I'm interested in speech signals as input to speech recognition software.
I get the impression that minimum acceptable sample rates begin at 8 kHz
( or above ). I assume this is based on which formants are considered
"significant". I have somewhat arbitrally chosen 44.1 kHz. The data I
have available is a studio quality CD.
From another thread, I assume that some characteristic time of a
phoneme is somewhere between .01 and .1 seconds (+- xx %).
Assuming whatever analysis I do is based on samples of width mm seconds
taken every nn seconds ( nn presumed < mm ) what are appropriate values
from a DSP point of view.
[ For perspective see my previous thread titled 'Low freq "analog" of
Nyquist? ( possibly naive question )' . I'm hoping I've learned enough
to better phrase my question ]
My ultimate goal is to reduce dependence of speech recognition's
accuracy on "good mikes" and "good acoustic environment'. Primarily the
later.
[ for those of you old enough, "this ram keeps butting the dam" ]
Re: As "Nyquist" is to "sample rate" "????" is to "sample period/duration/width/?"?
Richard Owlett wrote:
> I'm interested in speech signals as input to speech recognition software.
>
> I get the impression that minimum acceptable sample rates begin at 8 kHz
> ( or above ). I assume this is based on which formants are considered
> "significant". I have somewhat arbitrally chosen 44.1 kHz. The data I
> have available is a studio quality CD.
>
> From another thread, I assume that some characteristic time of a
> phoneme is somewhere between .01 and .1 seconds (+- xx %).
>
> Assuming whatever analysis I do is based on samples of width mm seconds
> taken every nn seconds ( nn presumed < mm ) what are appropriate values
> from a DSP point of view.
>
> [ For perspective see my previous thread titled 'Low freq "analog" of
> Nyquist? ( possibly naive question )' . I'm hoping I've learned enough
> to better phrase my question ]
>
> My ultimate goal is to reduce dependence of speech recognition's
> accuracy on "good mikes" and "good acoustic environment'. Primarily the
> later.
>
> [ for those of you old enough, "this ram keeps butting the dam" ]

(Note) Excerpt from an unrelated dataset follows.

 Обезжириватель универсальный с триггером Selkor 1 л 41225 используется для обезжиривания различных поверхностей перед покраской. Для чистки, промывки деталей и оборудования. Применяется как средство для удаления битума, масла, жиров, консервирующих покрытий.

As "Nyquist" is to "sample rate", "frequency resolution" is to "sample
set duration".
Re: As "Nyquist" is to "sample rate" "????" is to "sample period/duration/width/?" ?

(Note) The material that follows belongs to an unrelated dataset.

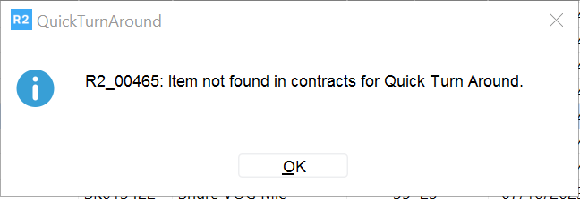 If R2 finds orders meeting the quick turn requirements, the available orders will be listed. Otherwise the following message will be displayed.

On Sun, 19 Sep 2004 14:53:26 -0500, Richard Owlett
<[email protected]> wrote:
>I'm interested in speech signals as input to speech recognition software.
>
>I get the impression that minimum acceptable sample rates begin at 8 kHz
>( or above ). I assume this is based on which formants are considered
>"significant". I have somewhat arbitrally chosen 44.1 kHz. The data I
>have available is a studio quality CD.
>
> From another thread, I assume that some characteristic time of a
>phoneme is somewhere between .01 and .1 seconds (+- xx %).
>
>Assuming whatever analysis I do is based on samples of width mm seconds
>taken every nn seconds ( nn presumed < mm ) what are appropriate values
>from a DSP point of view.
>
>[ For perspective see my previous thread titled 'Low freq "analog" of
>Nyquist? ( possibly naive question )' . I'm hoping I've learned enough
>to better phrase my question ]
>
>My ultimate goal is to reduce dependence of speech recognition's
>accuracy on "good mikes" and "good acoustic environment'. Primarily the
>later.
>
>[ for those of you old enough, "this ram keeps butting the dam" ]
Hi,
I'm responding to the Subject text;
that is I'm responding to the words:
"Nyquist" is to "sample rate".
Please know that I have no clue whatsoever as
to the meaning of that single word "Nyquist".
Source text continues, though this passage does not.